BitcoinCashPodcast · May 18, 2026, 7:21pm

Am I right that this means you can scan the entire blockchain for RPA transactions matching a specific wallet on a GPU in 3 minutes?

shrec · May 18, 2026, 7:24pm

yes you are right. with this it’s possible to make Frigate like service for bch

shrec · May 18, 2026, 7:26pm

frigate also works on my engine for bitcoin

BitcoinCashPodcast · May 18, 2026, 7:26pm

That is incredibly awesome.

I really can’t wait for BCH to have these kinds of usability and privacy tools embedded by default everywhere.

Super important area of research and development.

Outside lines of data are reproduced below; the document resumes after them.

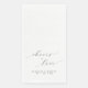 A classy wedding paper guest towels with the design placed at the bottom. The phrase "cheers to love" in black calligraphy and serif font. Personalise with your names and wedding date.
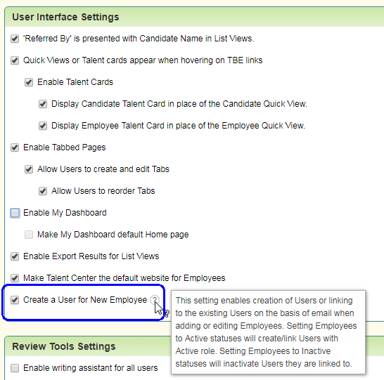 - At the bottom of the User Interface Settings section, check the option for Create a User for New Employee.
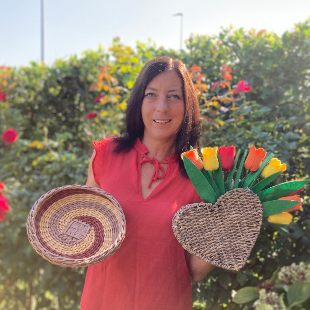 Una delle mie passioni più grandi è l’intreccio con le cannucce di carta di giornale, intreccio quotidiano. Questa tecnica nasce dall’incontro tra l’antica arte dell’intreccio e riciclo creativo e permette di esprimere al meglio la mia filosofia: riciclare e creare qualcosa di utile. Dopo anni di esperienza ho perfezionato questa tecnica in modo da poter avvicinare tutte le persone donne, uomini, bambine e bambini ad un’arte antichissima come quella dell’intreccio e nello stesso tempo sensibilizzarli all’importanza del riciclo.
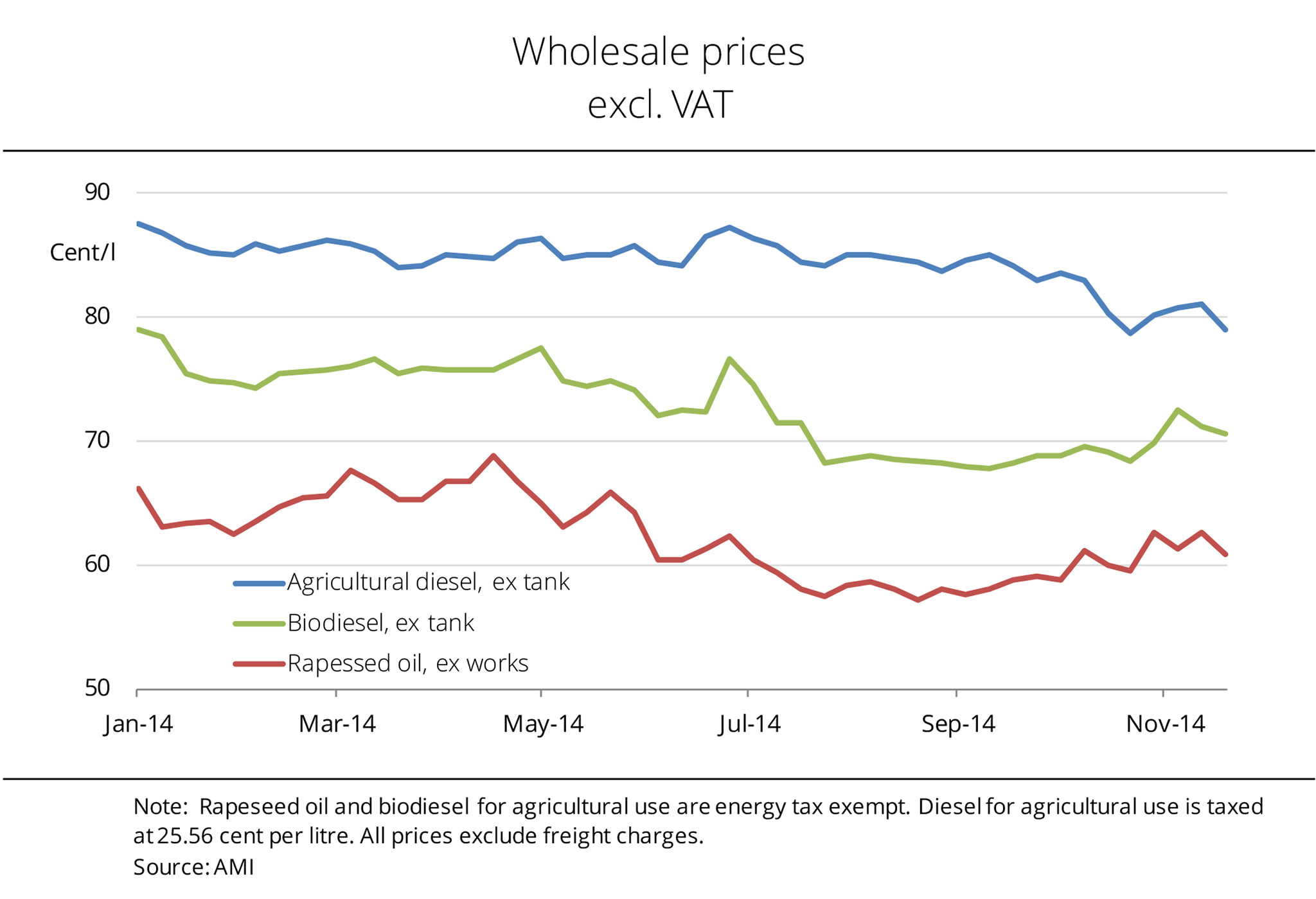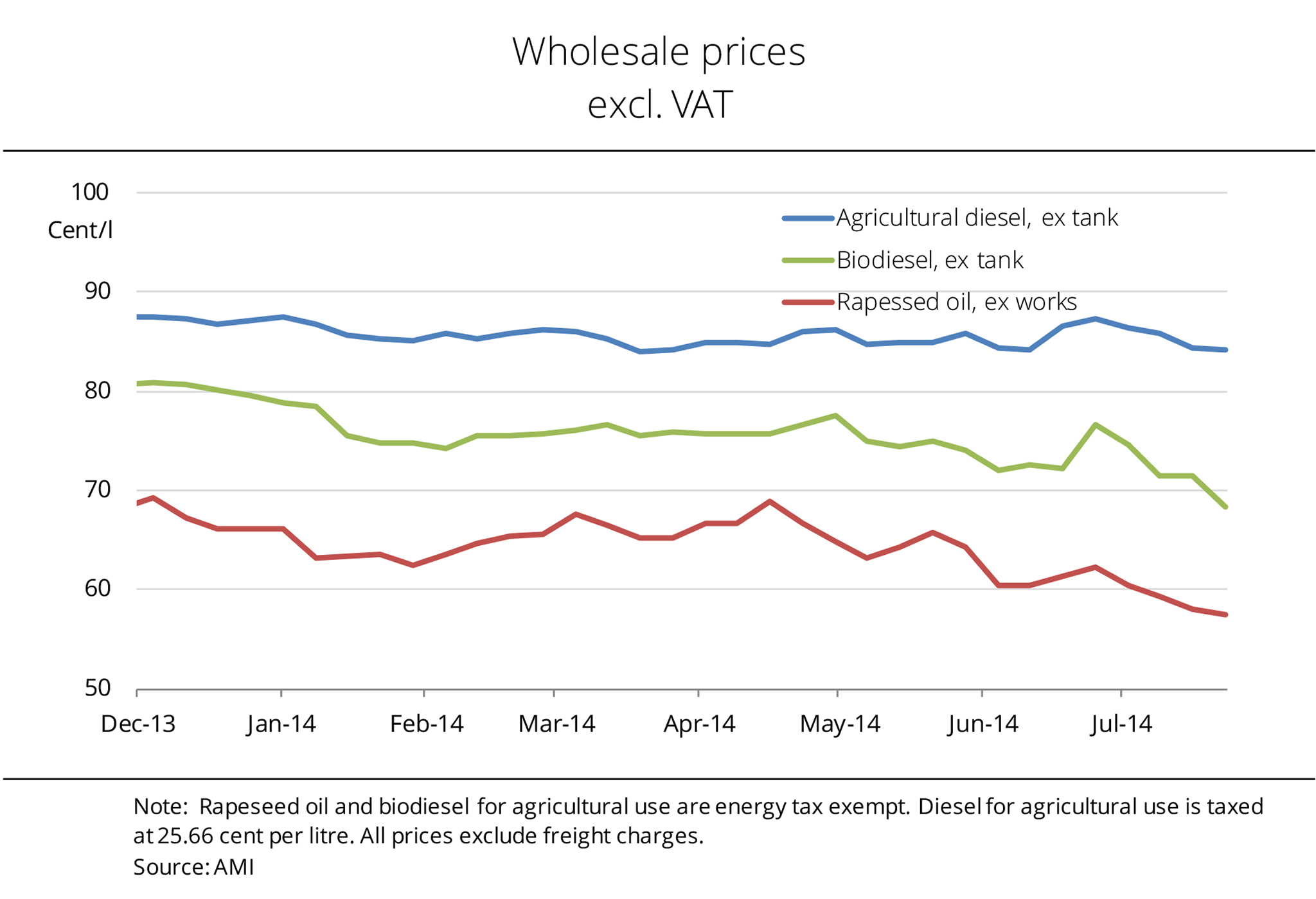 At the end of July 2014, the wholesale price for biodiesel stands at 68 euro cents per litre, around 16 cent below the price for agricultural diesel. Due to the massive drop in rapeseed prices in the wake of the harvest and with prospects for a convenient global oilseed supply in 2014/15, prices of rapeseed oil, and consequently also biodiesel, have recently plummeted. They plunged significantly more sharply than prices for agricultural diesel. As a result, the price spread between the two fuels has widened by 7 cent since the beginning of 2014 alone. Asking prices for rapeseed oil fell to the lowest level since 2010. The price for agricultural diesel hit its lowest level since the beginning of 2011. However, demand for biodiesel is fairly low at the moment, because traders are speculating for a continued decline in vegetable oil prices as the rapeseed harvest is in progress all across Germany. (AMI)

shrec · May 18, 2026, 7:29pm

https://github.com/sparrowwallet/frigate this is same for bitcoin based on my engine in production by CraigRaw

ABLA · May 19, 2026, 5:26am

These are great results; one of my biggest concerns with all kinds of stealth addresses was the trade-off between scanning time and privacy.

shrec · May 19, 2026, 7:44am

On GPU, RPA scan throughput matches the existing Silent Payments scan pipeline class.
The extra grinding work does not materially change the throughput profile in this benchmark.